PROMPT: As the answer, return precisely the lines from the one containing "Фреза DJTOL AL1LX4.20" to the final line of the material below, inclusive, and omit every picture.
──────── RECORDED DATA ────────
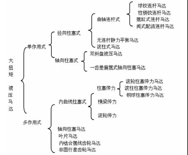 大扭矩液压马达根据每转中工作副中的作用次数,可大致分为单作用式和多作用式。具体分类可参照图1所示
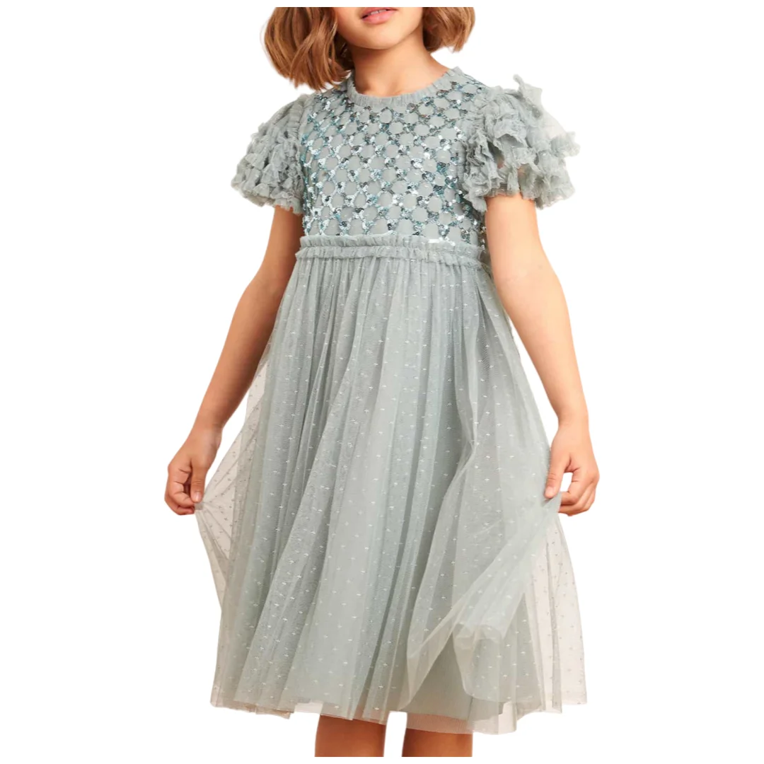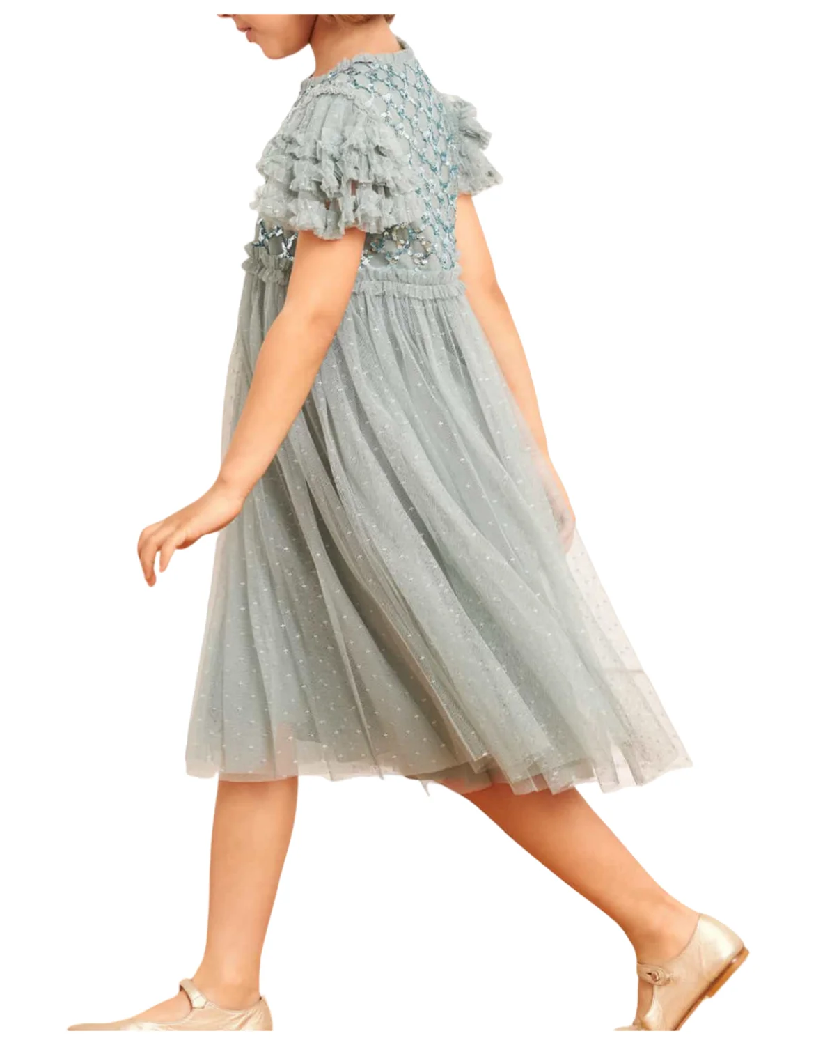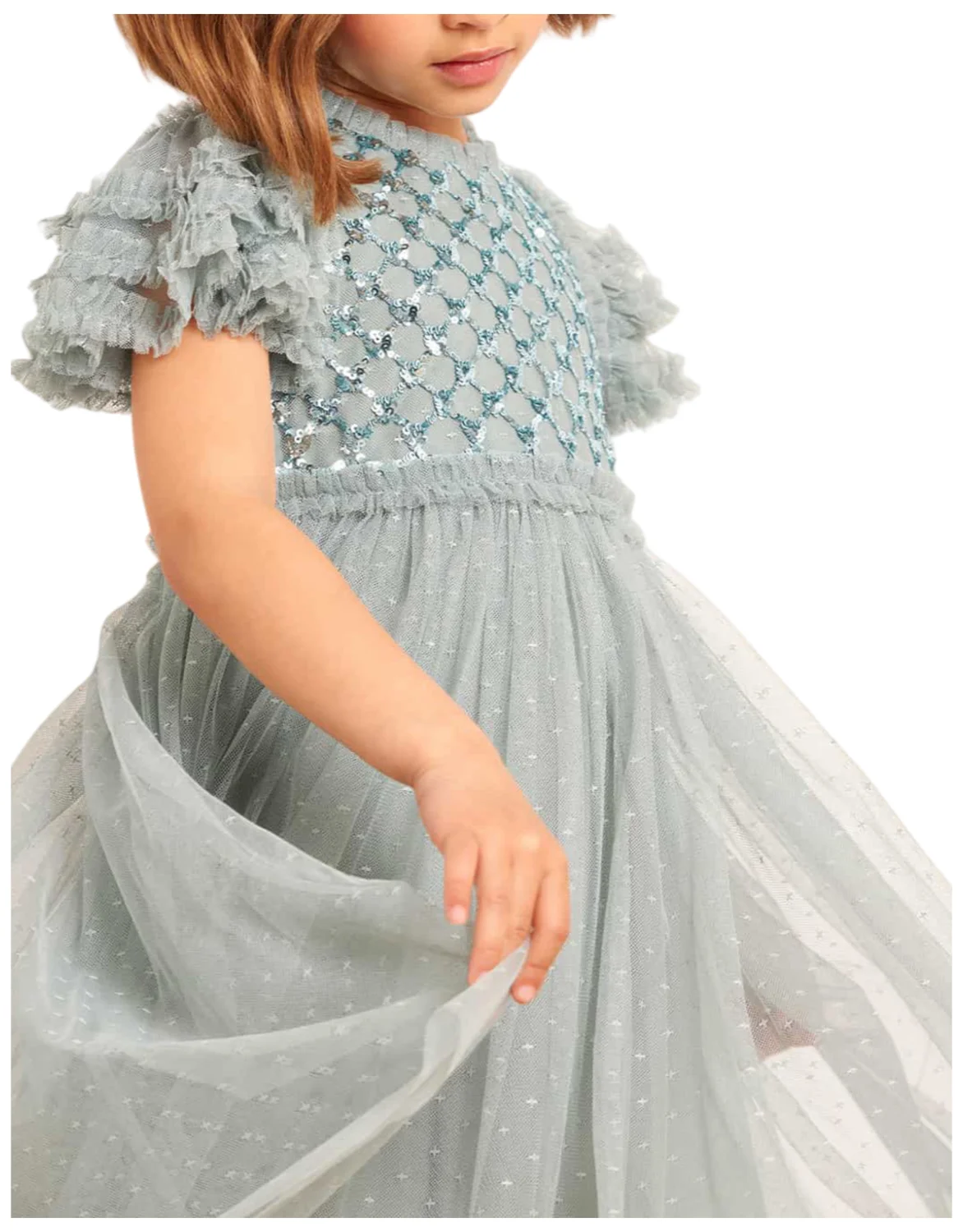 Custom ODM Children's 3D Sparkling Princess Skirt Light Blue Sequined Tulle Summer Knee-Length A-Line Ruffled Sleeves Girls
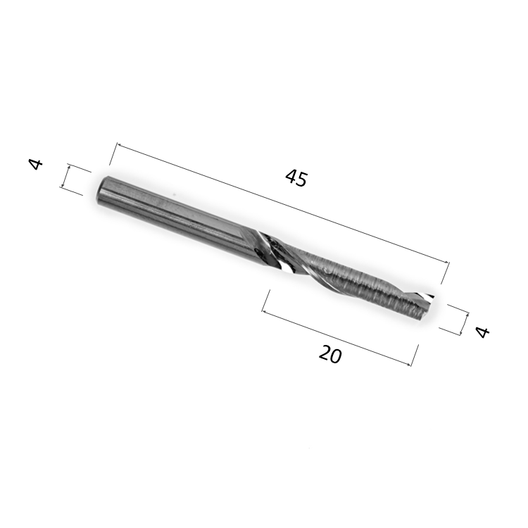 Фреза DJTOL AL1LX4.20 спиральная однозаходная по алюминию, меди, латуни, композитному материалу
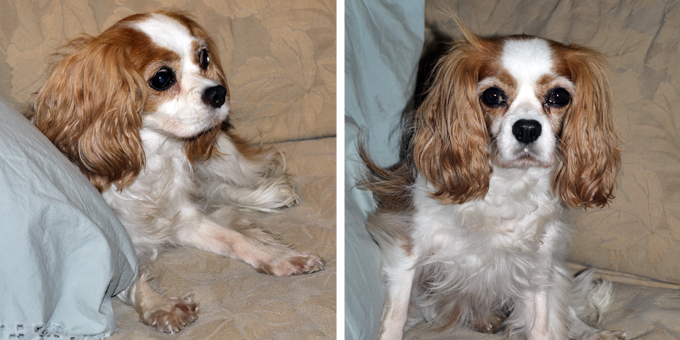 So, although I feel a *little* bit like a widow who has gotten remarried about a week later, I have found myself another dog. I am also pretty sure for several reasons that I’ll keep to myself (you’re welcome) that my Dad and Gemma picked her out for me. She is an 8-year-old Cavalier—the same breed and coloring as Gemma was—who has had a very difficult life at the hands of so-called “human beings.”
────────
RESPONSE TO THIS TASK:
 Фреза DJTOL AL1LX4.20 спиральная однозаходная по алюминию, меди, латуни, композитному материалу
 So, although I feel a *little* bit like a widow who has gotten remarried about a week later, I have found myself another dog. I am also pretty sure for several reasons that I’ll keep to myself (you’re welcome) that my Dad and Gemma picked her out for me. She is an 8-year-old Cavalier—the same breed and coloring as Gemma was—who has had a very difficult life at the hands of so-called “human beings.”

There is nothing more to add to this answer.